Jilet keskindir ama ağacı kesemez. Testere de keskindir ama saçı kesemez. Bu durum birini iyi, diğerini kötü yapmaz. Kullanım amaçları farklıdır.
Personelinizi de, hayatınızdaki insanları da buna göre seçin. Kendi alanında bir testere olan insandan jilet performansı beklerseniz herkes mutsuz olur.
İnsan kaynaklarını hatalı kullanmak bizim en büyük sorunlarımızdan biri. Ailede, eğitimde, iş dünyasında, siyasette, ilişkilerde, arkadaş seçiminde…

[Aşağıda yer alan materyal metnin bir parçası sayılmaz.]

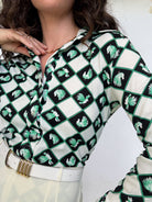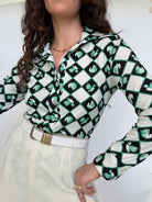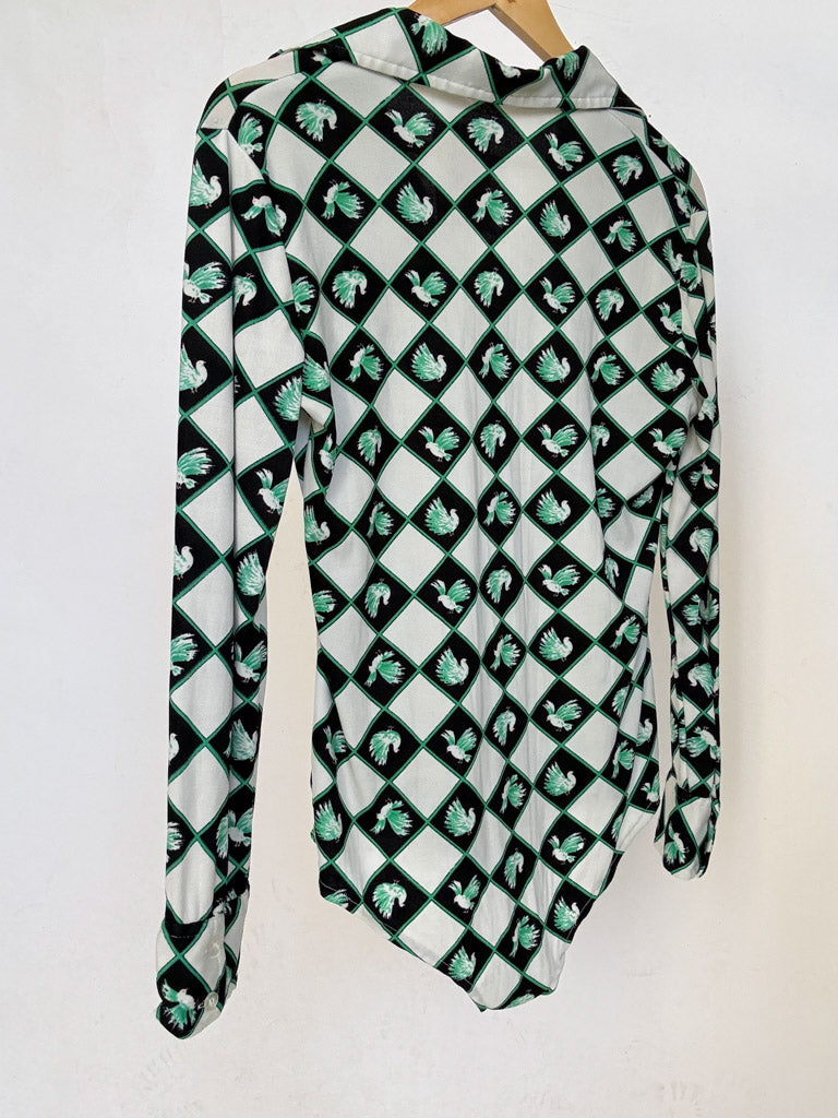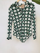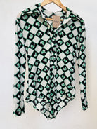 - Special features: Body design, graphic green and white pattern, structured fit, snap closure, long sleeves

Jiletleri küçümseyip daha gösterişli olan balta ve testerelerle tırnak kesmeye çalışıyoruz. Veya traş olurken çok işimize yaradığı için fazla güveniyor, bu kez jiletle ağaç kesmeye kalkıyoruz.
Parasını ben verdim, ben ne istersem onu yapacak diyor, satırla pasta kesmeye kalkıyor, pasta mundar olunca da satırı işe yaramaz ilan ediyoruz.
Aşırı güven ve özgüvenle başlayan ilişkilerimiz bu yüzden hüsranla sonuçlanıyor. Seçimlerin, atamaların sonu bu yüzden hep liyakatsizlik, basiretsizlik oluyor.
Yönetemediği için mutsuz olan yöneticiler… Uygun pozisyonda çalışmadığı için başarısız olan personeller… Alışamadığı şehirde mutsuz olan köylüler… İstihdam imkanı olmayan bir bölümü okuduğu için boşta gezen gençler… Yanlış yere dikildiği için meyve vermeyen ağaçlar…
Uzar gider bu liste. Ve hepsinin temeli kaynakların hatalı kullanımına, onun da temeli kaynağın dağıtımını yapanların kibrine, en iyisini ben bilirim anlayışına dayanır.
Oysa kaynağımız bol bizim. Satırımız, baltamız, jiletimiz, usturamız, neşterimiz bol. Yeter ki doğru kullanalım.
Kaleciyi forvete alıp gol atamadı diye kötü futbolcu ilan etmeyelim. Emin olun çok şey değişir.